Według prognozy pogody przekazanej przez Jakuba Gawrona z Centralnego Biura Prognoz Instytutu Meteorologii i Gospodarki Wodnej - PIB, w niedzielę wpływ na pogodę w Polsce będzie miał przemieszczająca się w kierunku południowo-wschodnim zatoka niżowa, ze strefą frontu atmosferycznego rozciągająca się od Suwalszczyzny po Dolny Śląsk.
Pogoda na niedzielę. Burze i opady
- Na niedzielę prognozowane jest zachmurzenie umiarkowane, okresami duże, przelotne opady deszczu, a miejscami burze. Najwięcej opadów spodziewamy się na Pomorzu Wschodnim, Kujawach i w rejonie Żuław Wiślanych, gdzie może spaść do 20 mm deszczu - podkreślił synoptyk IMGW.
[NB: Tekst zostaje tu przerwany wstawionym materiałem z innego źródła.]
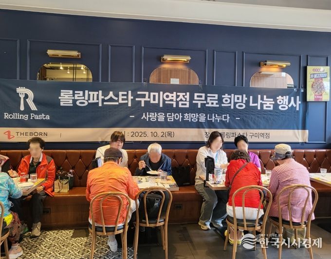 한국시사경제 경북취재본부 | 롤링파스타 구미역점과 료혼구미특별관(대표 김경호)은 2일, 구미지역 아동과 어르신 250여 명을 식당으로 초대해 정성 어린 식사를 대접했다. 이번 행사는 관내 재가노인통합지원센터와 지역아동센터의 협조로 진행됐다.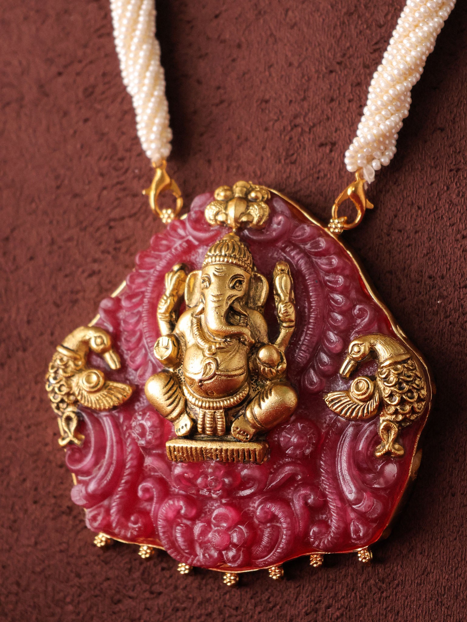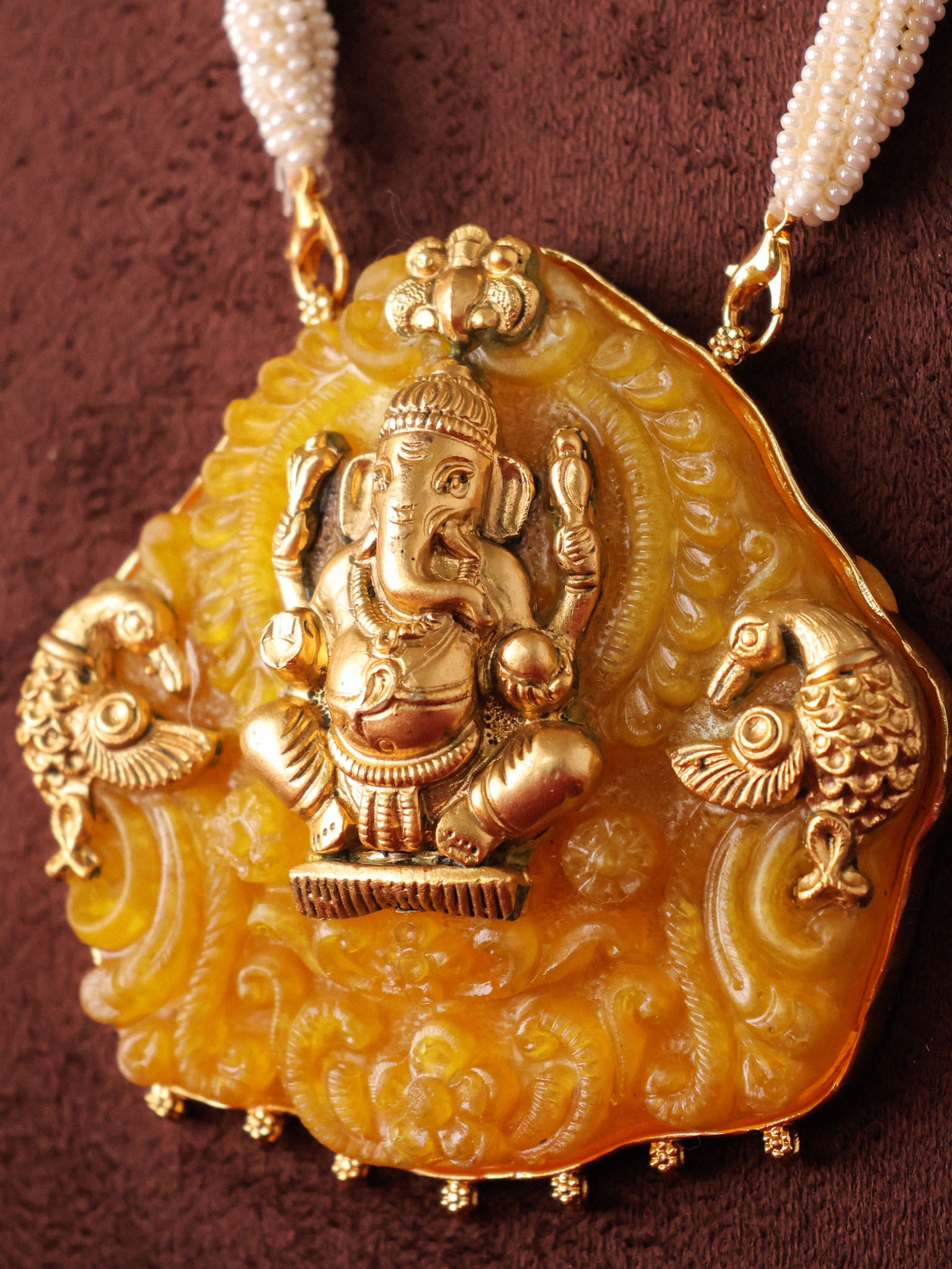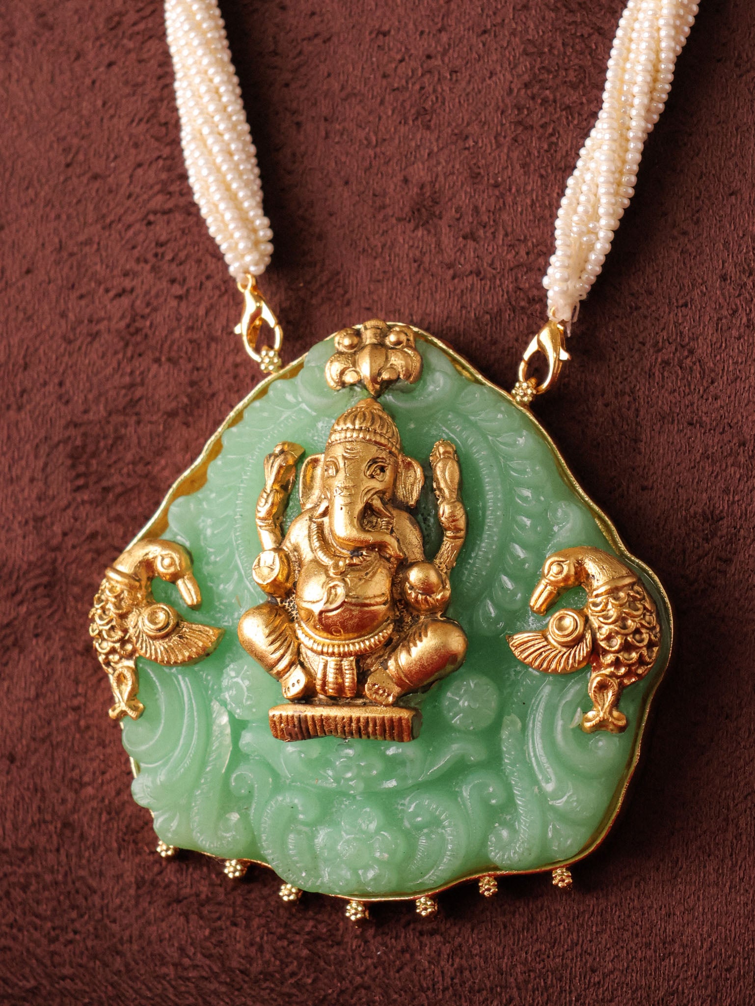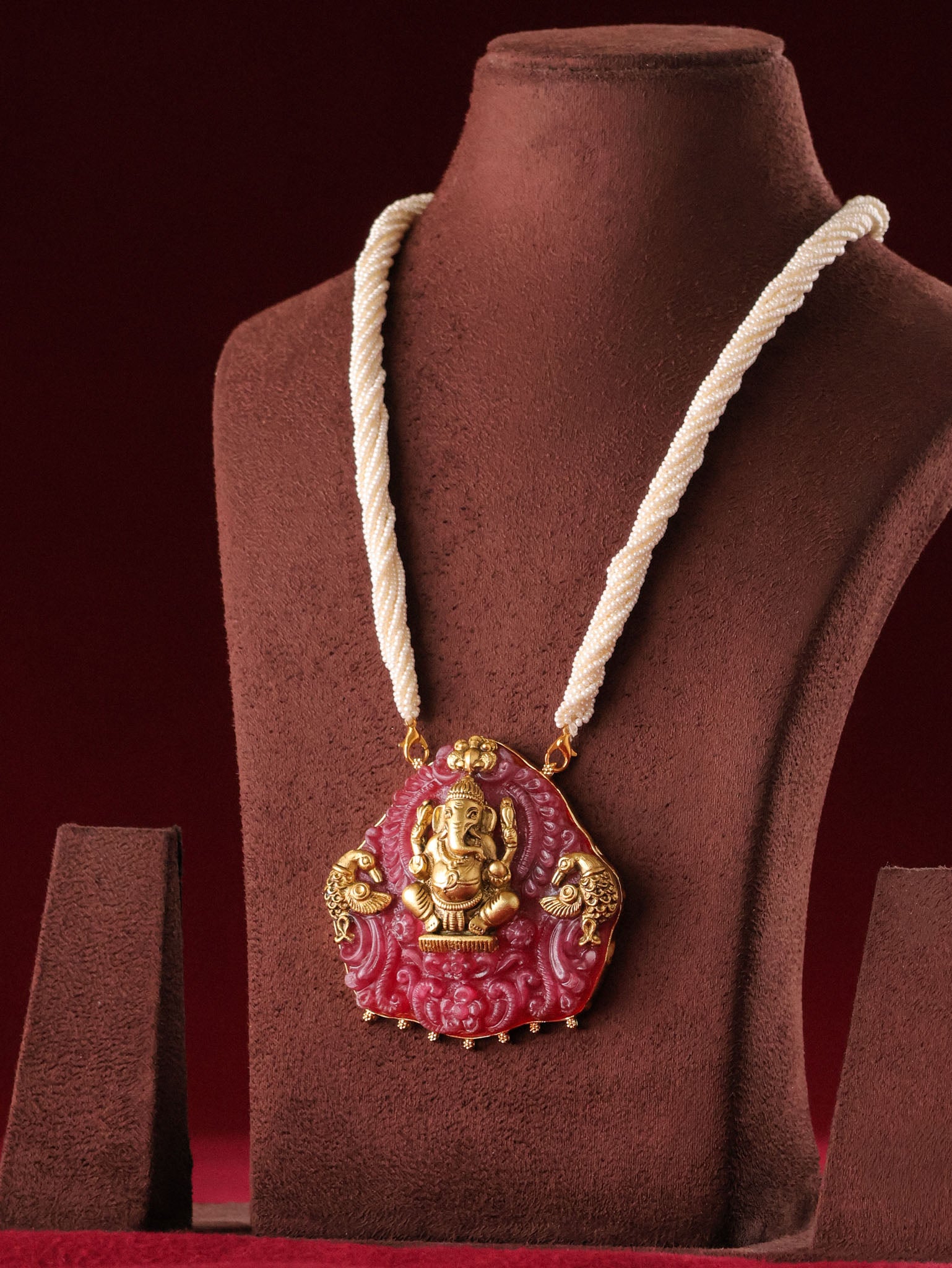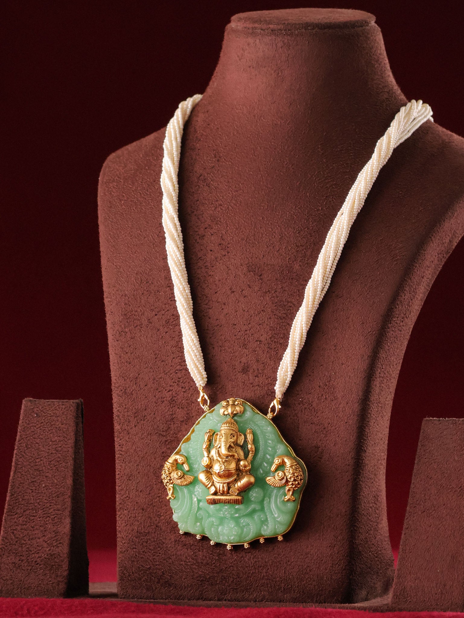 Crafted with devotion and precision, the Carved Stone Ganesh Pendant features Lord Ganesha intricately sculpted in natural stone, symbolising wisdom, protection, and new beginnings. Accented with heritage-inspired gold detailing, this sacred piece blends spiritual depth with timeless craftsmanship.

Jak dodał, na pozostałym obszarze kraju sumarycznie może spaść do 15 milimetrów. - Temperatura maksymalna wyniesie od 18 stopni C. na północnym wschodzie do 20 stopni C. na wschodzie i zachodzie kraju. Na obszarach podgórskich będzie chłodniej - od 15 do 17 stopni C. - zaznaczył Gawron.
Z prognozy wynika, że w niedzielę wiatr będzie umiarkowany, nad morzem dość silny, w całym kraju okresami porywisty. - W trakcie burz może osiągać do około 70 km/h" - powiedział Jakub Gawron.
Zdaniem synoptyków IMGW w poniedziałek pogoda zacznie się stopniowo poprawiać na zachodzie kraju. W kolejnych dniach do Polski będzie napływać cieplejsze powietrze.